茲に世人の気のつかない事をかくが、それは新聞の捏造記事によって本教が如何に被害を蒙るかである。それは昨秋本教脱税問題の際、朝日紙が本教の資産二三拾億という途轍もない数字をかいた。何しろ大新聞としての社会的信用から何人も相当の信を置くのである。果然其後ユスリ、タカリ、金貰いや一面識もない者から事業資金や其他種々の金借りの申込が殺到し、一時は忙殺に悩まされたのである。

処が最近、又々読売紙上に本教一日の収入壱千万円以上とかいたので又しても種々の金ねだりの輩が現われ始めた。一時沈静してやれやれと思ったのも束の間で、当分迷惑のやむなき次第である。

勿論、前述の数字はデマの甚だしいもので本教が一昨年八月宗教法人となり、それからの活動で魔法でも使はない限りそんな巨額な金が入る訳がないではないか。何千何百年以前からの堂々たる宗教で信徒数百万を擁しているものすら、今日経済的苦境に如何に悩んでいるかは君等も知っているであらう。それ等既成宗教に比べて本教などは横綱に対する生れたての赤ン坊位にしか当るまい。而も本教が現在発展時代である以上経済的逼迫は想像以上である。其上昨年の納税額壱千万円以上と決定され差押えを受けていた動産不動産等が、昨今漸く解除されたにみて想像され得るであらう。

右の如き吾等の現況に対し、彼等は何が為に出鱈目な数字を書くのか多分面白半分からであろうが、その為吾等の蒙る損害は甚大である。そのような暴君的権力を揮うことは許さるべきであろうか、とすれば大問題である。又彼等は常に、新宗教はすべて迷信邪教であり、之を撲滅するのが社会の為であるかのように思うらしい。

故にデマでも捏造でも構わない、大袈裟にかいて一般社会に嫌忌反感を起させ危険とさえ思わせる。それと併せて読者の興味をも沸かせるという、それ等の行為は新聞としての正しい行り方であろうか。勿論君等は調査などは全然しないで頭から迷信邪教として決めてかかるのである。随而新宗教の一番恐れるのは新聞のデマである。以上によってみても良民を犠牲にし自己の利益を計るという人権蹂躪といわれても否定出来まい。実に新聞封建である。

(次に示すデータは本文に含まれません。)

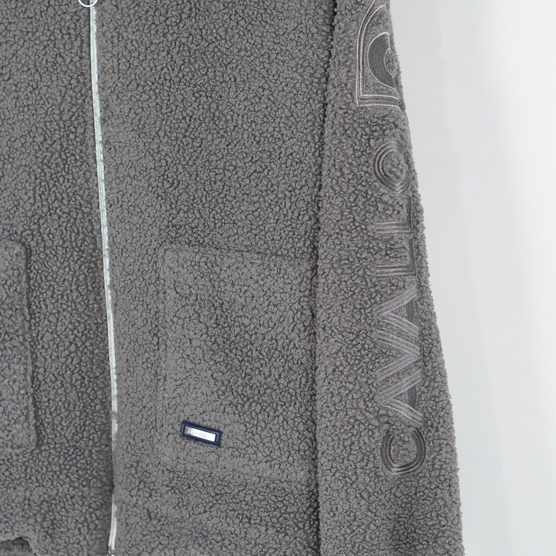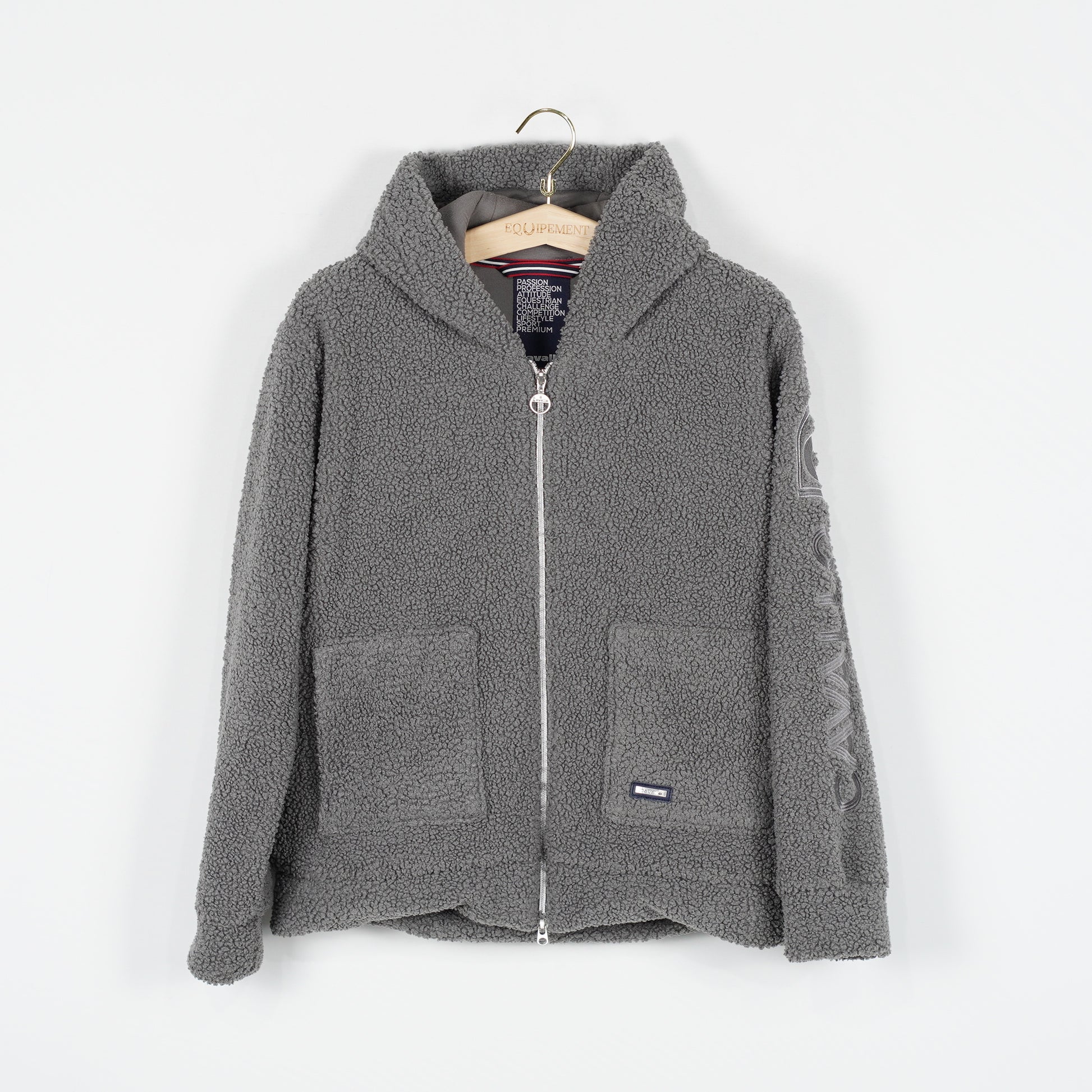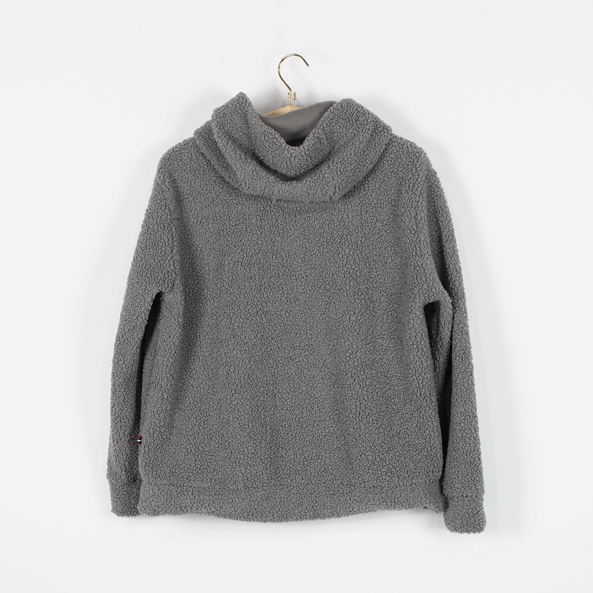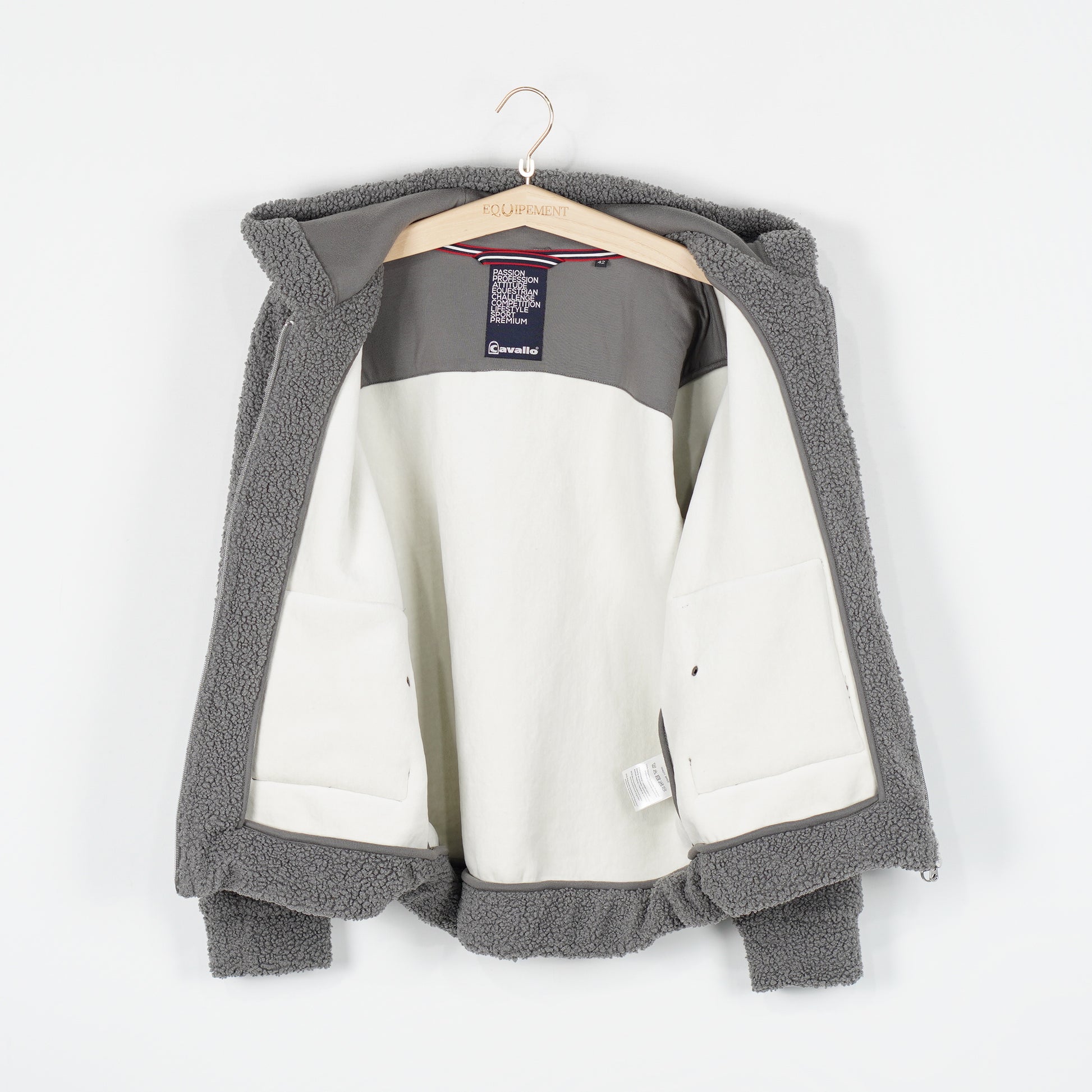 Supermysig teddytröja i grått med fast luva och dragkedja, modell "Bree" från Cavallo.

吾等が真実を告白すれば、今日の世相に対し、教育も道徳も既成宗教の力でも食い止め得ない程に悪化してゐる現状である。どうしても真に力ある救が出なければならない。といってもその救はお伽話や伝説的にある雲に乗って天より降るとか忽然として地上に出現するとかいふものではない。やはり選ばれたる一個の人間が徐々として真面目に個人々々を救ひつつ、よい社会によい国家によい世界にする事でその実行者として如何なる地点に如何なる人間が表はれるかも知れないのである。

今日開祖聖者と仰がれてゐるものと雖も、生存中それ程目立つような事はなかった。年を経るに従い漸次認められ崇められるようになった事は宗教史上よく物語ってゐる。彼のキリストにしても昇天当時十一人だけの弟子が動かない信者でその弟子達が十数年を経た頃から綜合的にかいたのが新約聖書という事である。世のジャーナリストよ、此文を読んで如何なる感想が浮ぶや聞きたいものである。